| Problem description |
Keep the images out while you retype all of the data exactly.
---- Given information
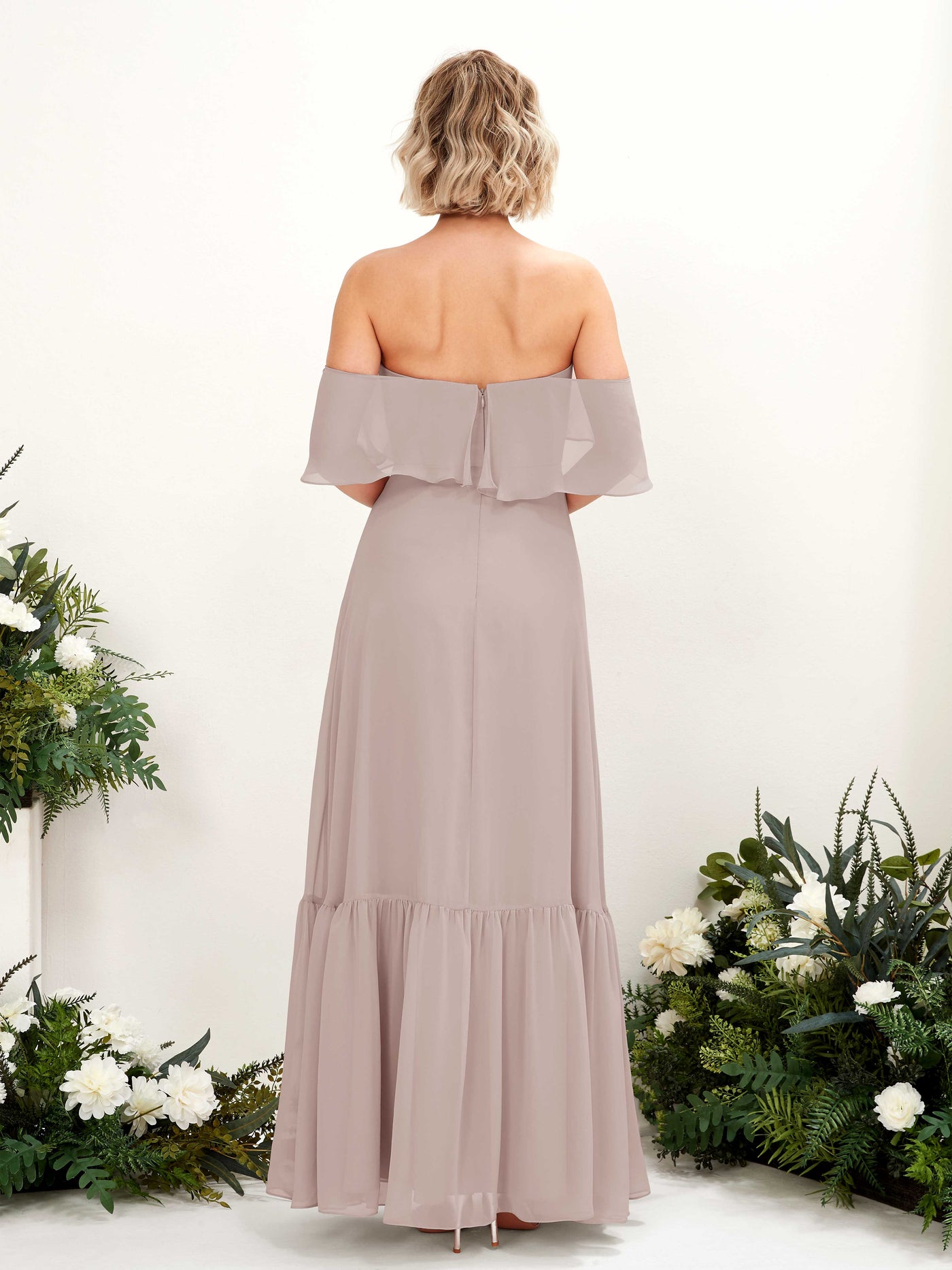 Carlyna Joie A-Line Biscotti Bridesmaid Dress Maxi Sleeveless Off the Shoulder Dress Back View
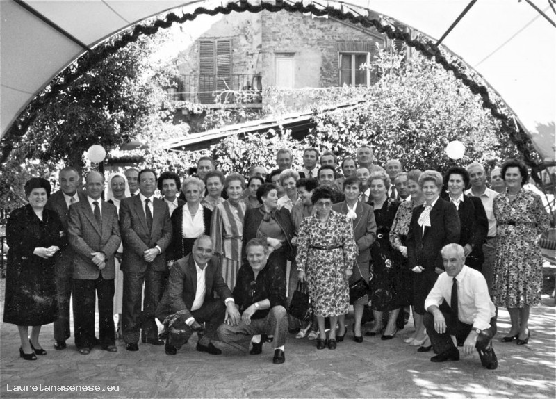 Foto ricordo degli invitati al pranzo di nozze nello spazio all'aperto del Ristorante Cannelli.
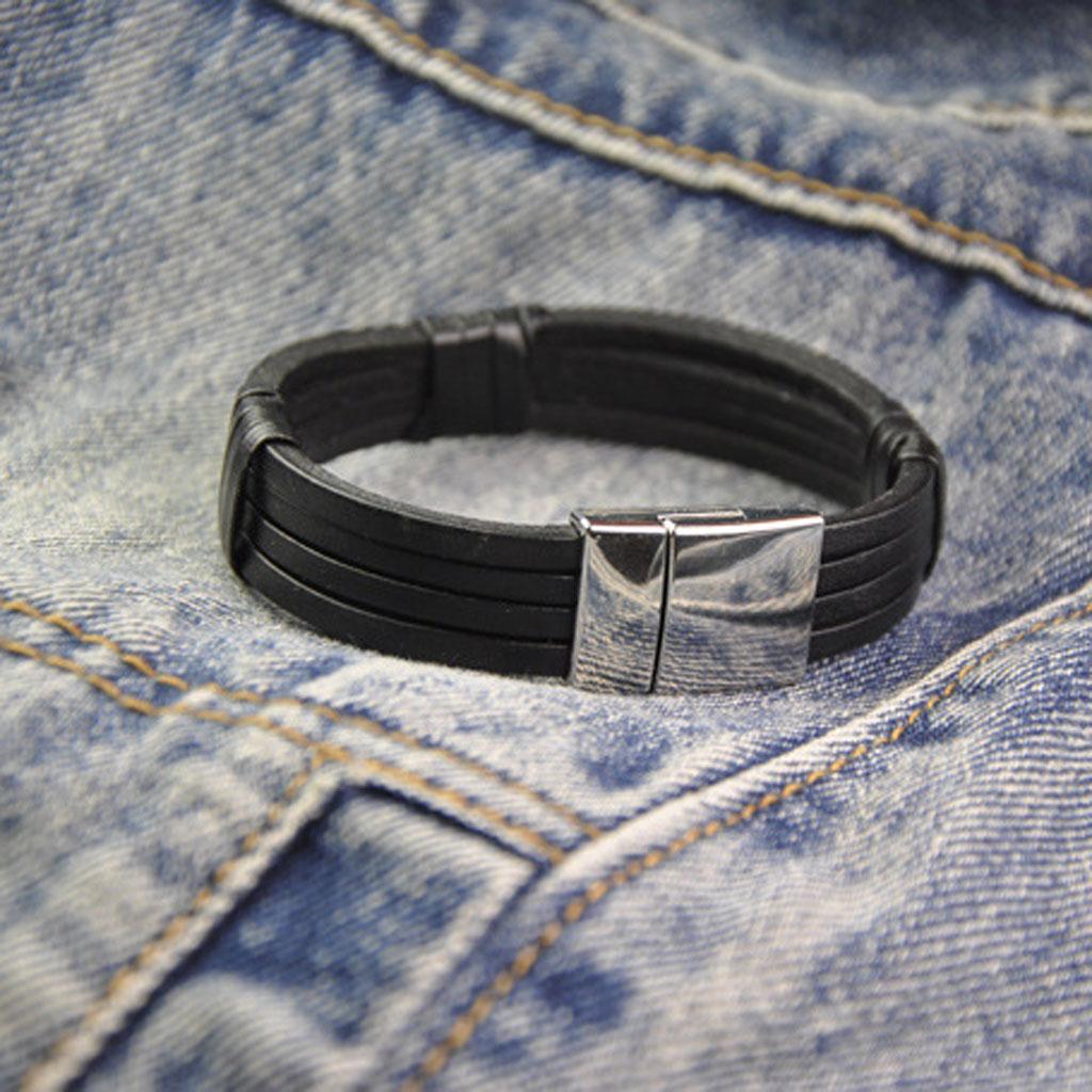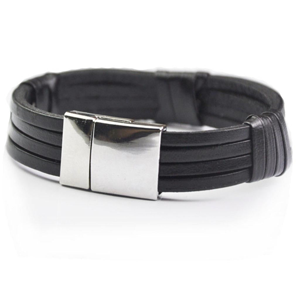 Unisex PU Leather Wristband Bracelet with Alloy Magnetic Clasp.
--------
| Answer space |
 Carlyna Joie A-Line Biscotti Bridesmaid Dress Maxi Sleeveless Off the Shoulder Dress Back View
 Foto ricordo degli invitati al pranzo di nozze nello spazio all'aperto del Ristorante Cannelli.
 Unisex PU Leather Wristband Bracelet with Alloy Magnetic Clasp.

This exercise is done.